Directions for this task: Would you return the data below exactly as it stands, with every picture left out?

Saved entries:
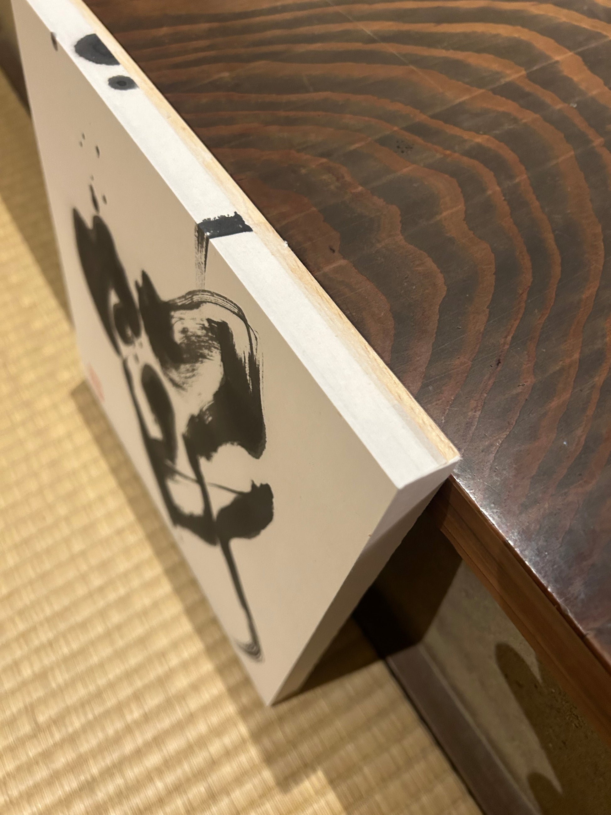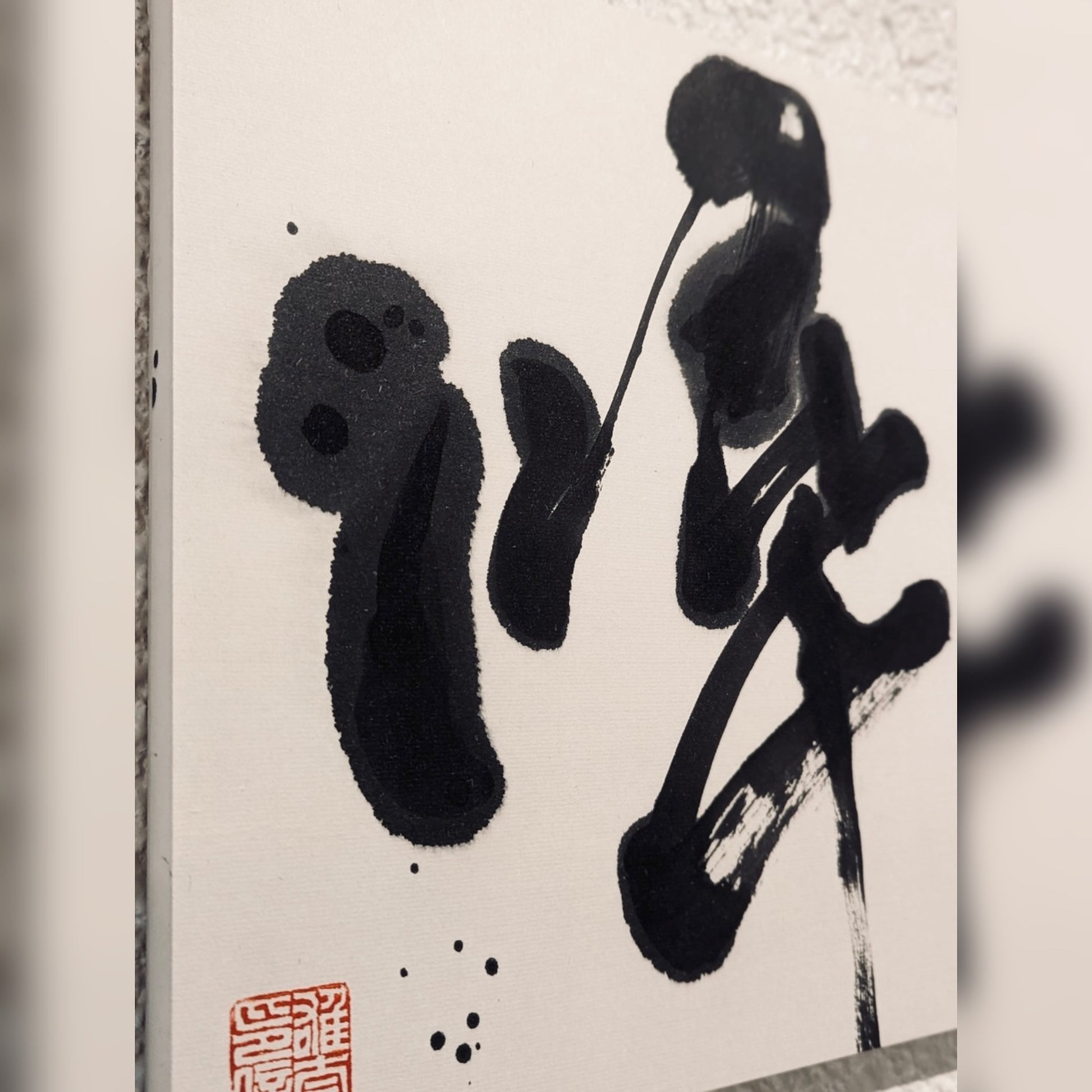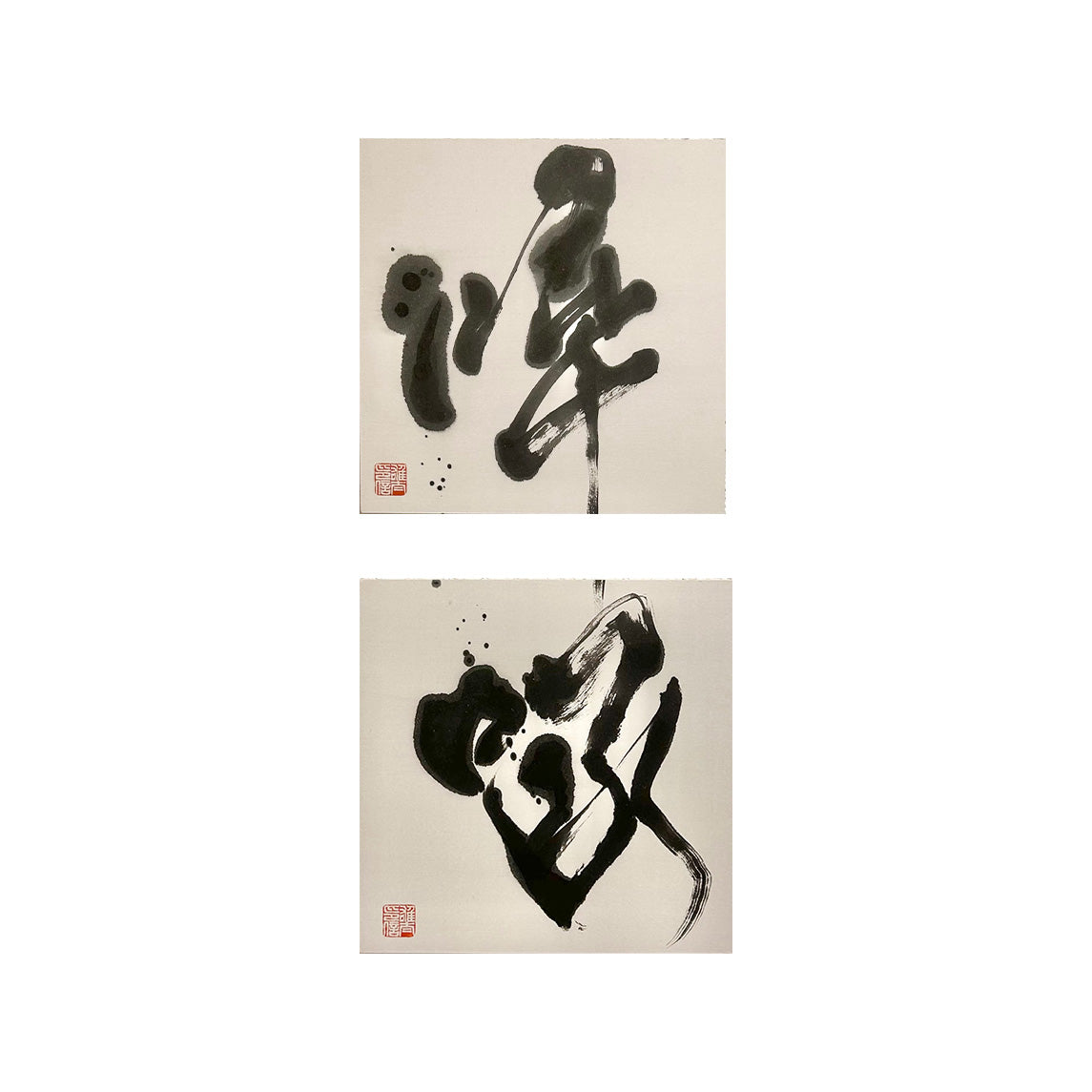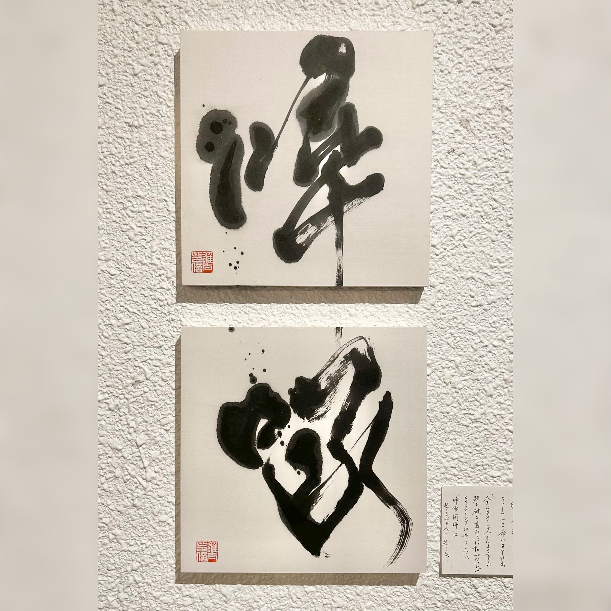 This calligraphy work is one including two calligraphies. Both of them are square and you can enjoy putting them horizontally and vertically.This is one of the reasons for recommending this calligraphy. After putting this work in the space, to tell the stories of this calligraphy work would be one of the delightfulness of owning this work.
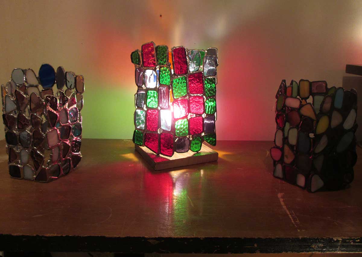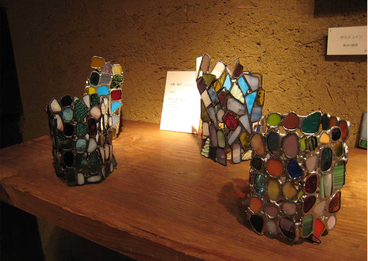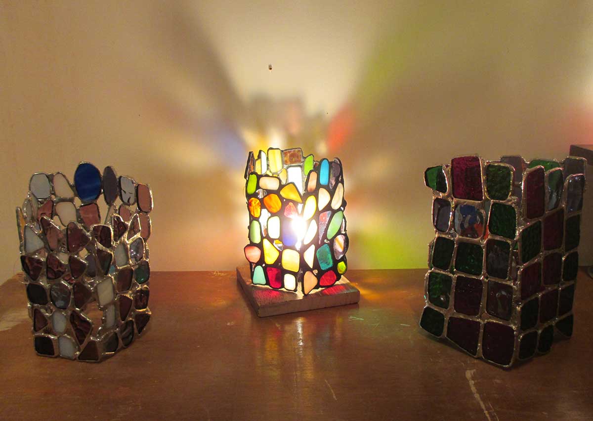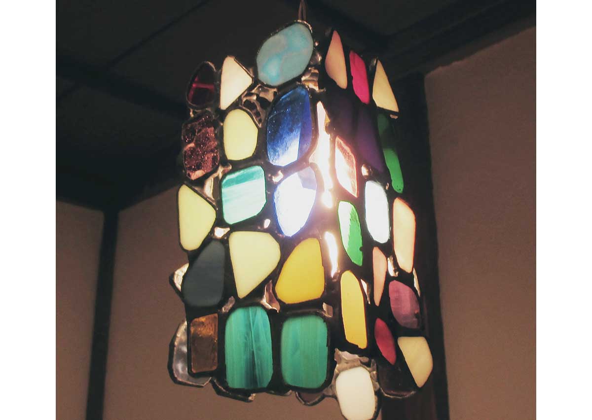 彼がガラスを選び、適当な大きさや形に切ったものを組み合わせていく。 時間をかけてガラスを削るため、いつしかひとつひとつのガラスの形状が楕円で丸みを帯びるようになってきた。 それらを組み合わせて出来上がったランプシェードは、灯りを入れると温かく、不思議な気持ちになってしまう。
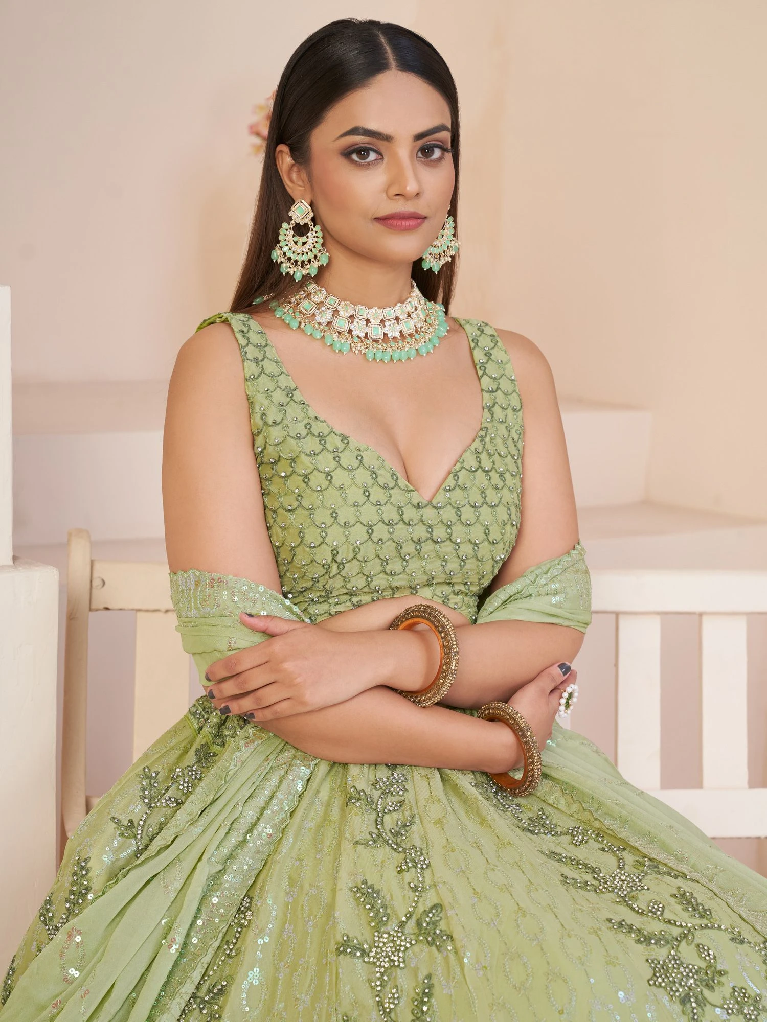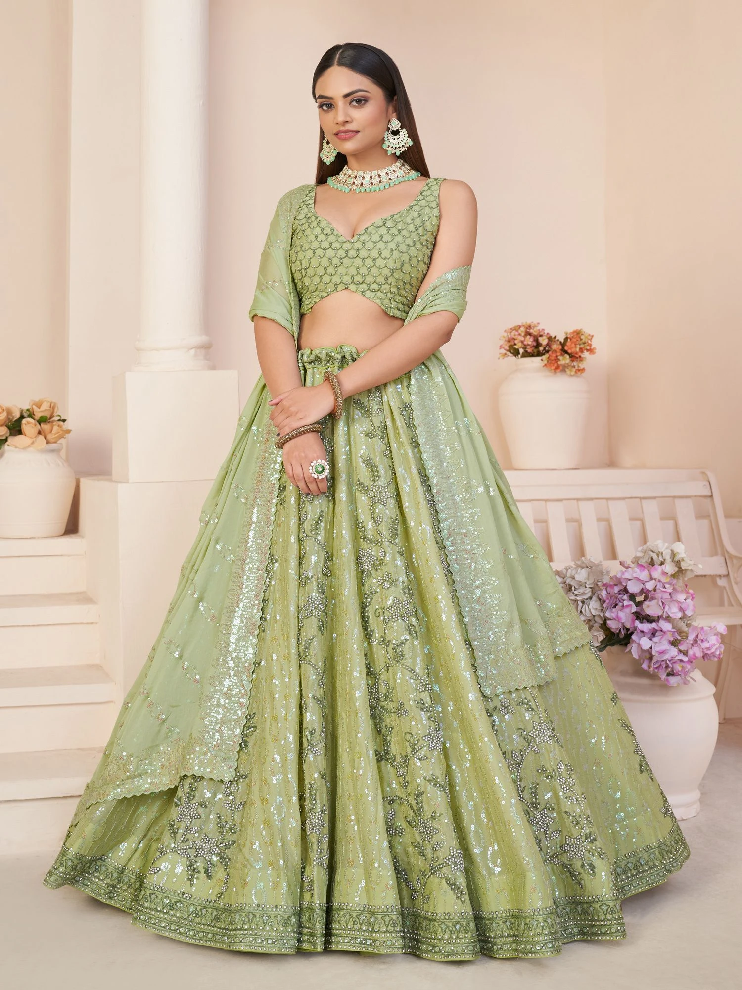 Overwhelm the audience as you wear this olive green color lehenga in georgette. Augmented with sequin, stones and floral with thread work embroidered work. Paired with a matching green color embroidered choli in georgette and green color dupatta, made in georgette. Note: The accessories featured are purely for fashion purposes. Due to photography reasons, some color variations may occur. The semi-stitched choli and lehenga waist may be customized up to 42 inches.
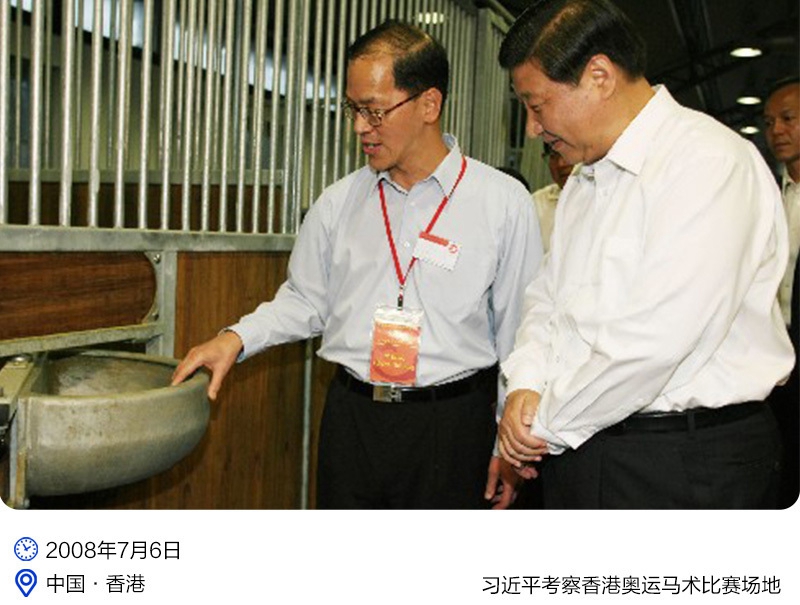 距離北京奧運會開幕還有30多天,時任國家副主席的習近平來到香港,實地考察北京奧運會、殘奧會馬術比賽籌辦情況,他贊揚香港僅用3年左右時間就建成了兩個高水平、現代化的奧運馬術賽場,“廣大香港同胞一定會在祖國體育事業發展史上創造新的輝煌”。
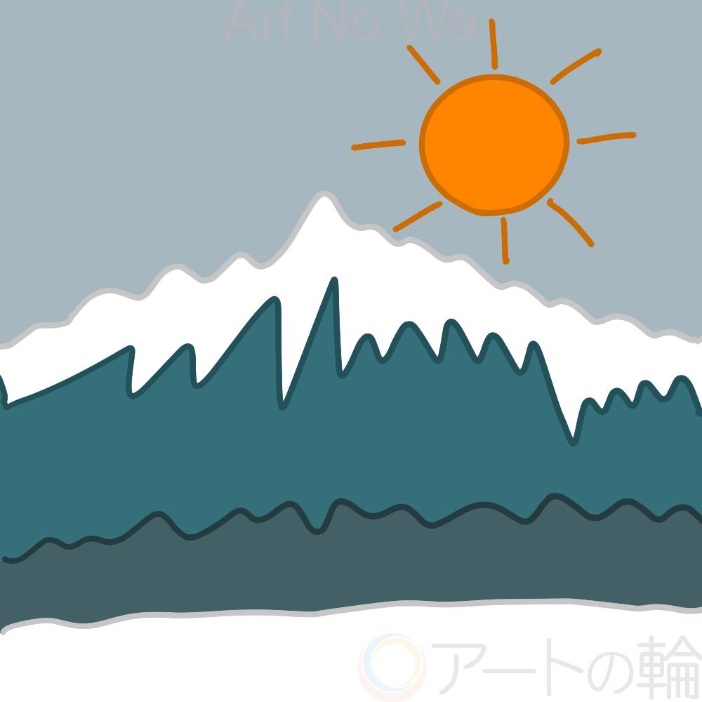 現実,屋外,自然,山,空,冬,1月,2月,12月,オレンジ,緑,水色,白,風景,明るい

Exercise answer:
 This calligraphy work is one including two calligraphies. Both of them are square and you can enjoy putting them horizontally and vertically.This is one of the reasons for recommending this calligraphy. After putting this work in the space, to tell the stories of this calligraphy work would be one of the delightfulness of owning this work.
 彼がガラスを選び、適当な大きさや形に切ったものを組み合わせていく。 時間をかけてガラスを削るため、いつしかひとつひとつのガラスの形状が楕円で丸みを帯びるようになってきた。 それらを組み合わせて出来上がったランプシェードは、灯りを入れると温かく、不思議な気持ちになってしまう。
 Overwhelm the audience as you wear this olive green color lehenga in georgette. Augmented with sequin, stones and floral with thread work embroidered work. Paired with a matching green color embroidered choli in georgette and green color dupatta, made in georgette. Note: The accessories featured are purely for fashion purposes. Due to photography reasons, some color variations may occur. The semi-stitched choli and lehenga waist may be customized up to 42 inches.
 距離北京奧運會開幕還有30多天,時任國家副主席的習近平來到香港,實地考察北京奧運會、殘奧會馬術比賽籌辦情況,他贊揚香港僅用3年左右時間就建成了兩個高水平、現代化的奧運馬術賽場,“廣大香港同胞一定會在祖國體育事業發展史上創造新的輝煌”。
 現実,屋外,自然,山,空,冬,1月,2月,12月,オレンジ,緑,水色,白,風景,明るい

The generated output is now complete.